The $20 million project is ambitious on a couple of fronts. First, the building needs new heat and air-conditioning units, and each residential space needs its own temperature control. It also needs a stairwell, as the only point of egress is a flight of stairs on one side of the U-shaped building.

The second challenge, and the one that Decker is the most excited about, is the balance he must strike between updating the building and preserving its past. The Mississippi Department of Archives and History placed the building on the National Registry of protected buildings in 1976 as part of the Smith Park Architectural District, so Decker must consider some of the building's oldest and most distinct features.

"There are a lot of things we must preserve while at the same time bringing the building into the modern era where people will want to live," Decker said. "You'll be able to look at the building and see its charm, but you'll see where we've made some renovations and 
updated it. You'll be able to see the layers of history."

The first layer is evident almost everywhere you go. The building itself is named after one of the most well-known racists in Mississippi's history, former U.S. Sen. James Eastland. Eastland was staunchly opposed to the Civil Rights Act of 1964 and the Voting Rights Act of 1965, and called the disappearance of three civil rights workers in Neshoba County a "publicity stunt" before their bodies were recovered in 1964.

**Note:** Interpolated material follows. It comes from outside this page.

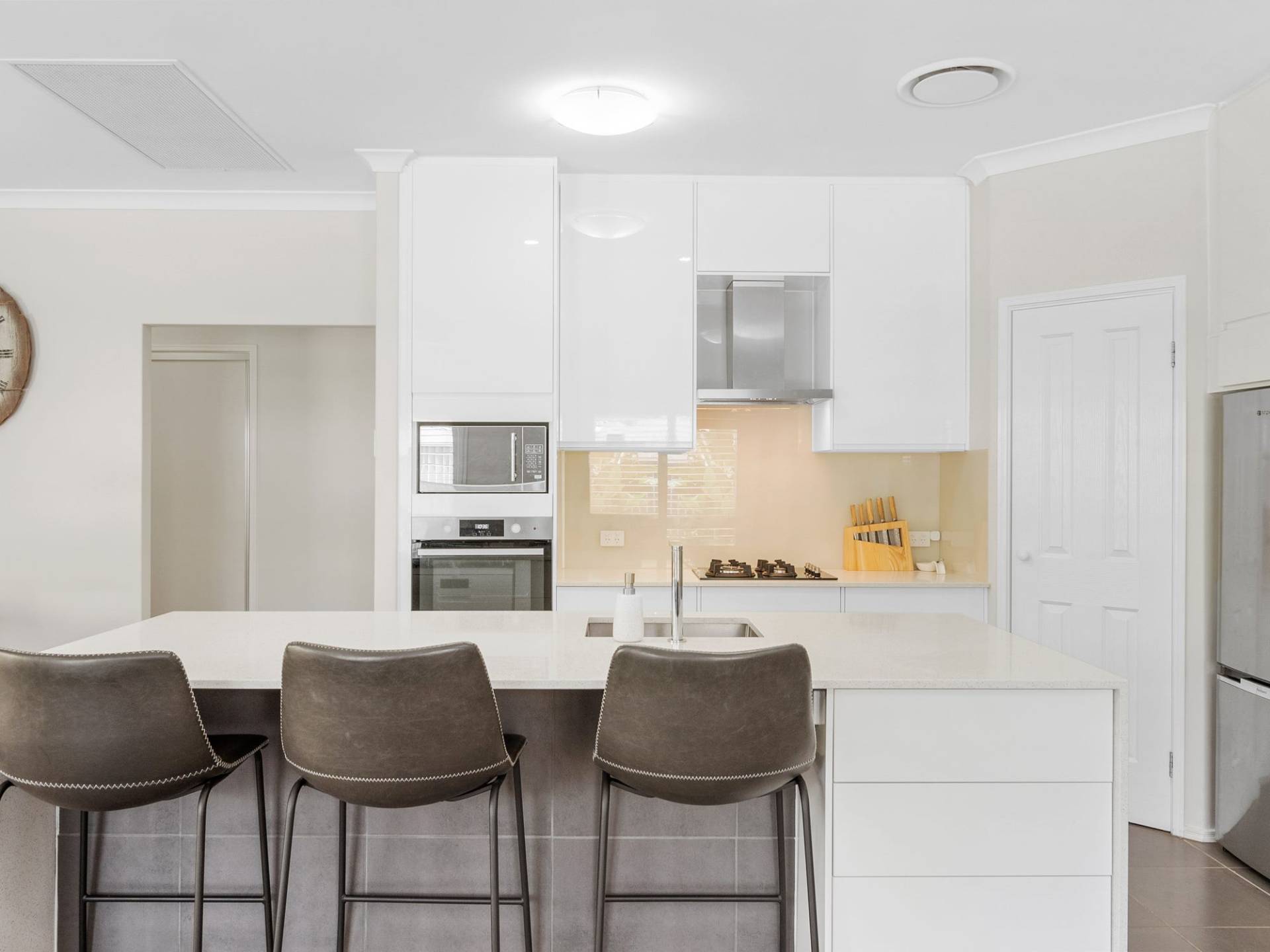 To the back of the home contains a large airy and bright kitchen with stone bench tops and an island bench for a breakfast bar. The kitchen has gas cooking and electric appliances including a dishwasher for your convenience. The open plan, kitchen, dining and main lounge open up to the large undercover entertainment area overlooking the gorgeous sparkling saltwater inground pool and seating area with plenty of established green gardens. The handpicked tiles really make this area feel open and spacious as well. This is the perfect place for entertaining friends and family.

The main courtroom on the fourth floor is wide open with vaulted ceilings. On one of its walls is a gigantic 1938 mural that depicts southern life in the early 1900s. At the center of the mural is a depiction of a white Mississippi family "adjusting to social problems through the advice of a court representative and a minister." Directly to the left is an African American man playing a banjo and singing spirituals, and to the left of that is a black sharecropper picking cotton in the fields, while a white man takes account of its weight.

"(The mural) is one point of contention," said Goree, who is African American. "But that's a big theme that we are carrying throughout the building: preserving our past and not forgetting where we came from, while renovating and updating the building so it can be modern and relevant again."

The plans for this particular courtroom, which has hosted everything from civil rights cases to the trial of former Klansman James Ford Seale, will make it into a public space where residents can lounge, and it should be available for residents to rent for events, with catering options from the first-floor restaurant.

But not all aspects of the building's history are detriments. The marble floors and old pews from the courtrooms are distinct, and Decker said he hopes to incorporate a lot of the old architecture into the finished product.

The MSDAH will have an inspector make routine walk-throughs during the demolition and renovation process to make sure the building's history is being properly preserved.

Along with Goree, Jackson attorneys Tom Tardy, Marcy Croft and Jason Watkins combine to make up the project's investment team. Watkins is the son of King Edward Hotel, Standard Life Building and Farish Street developer David Watkins, but Goree said neither the elder Watkins nor his company, Watkins Development, is investing or playing a role in the renovation project.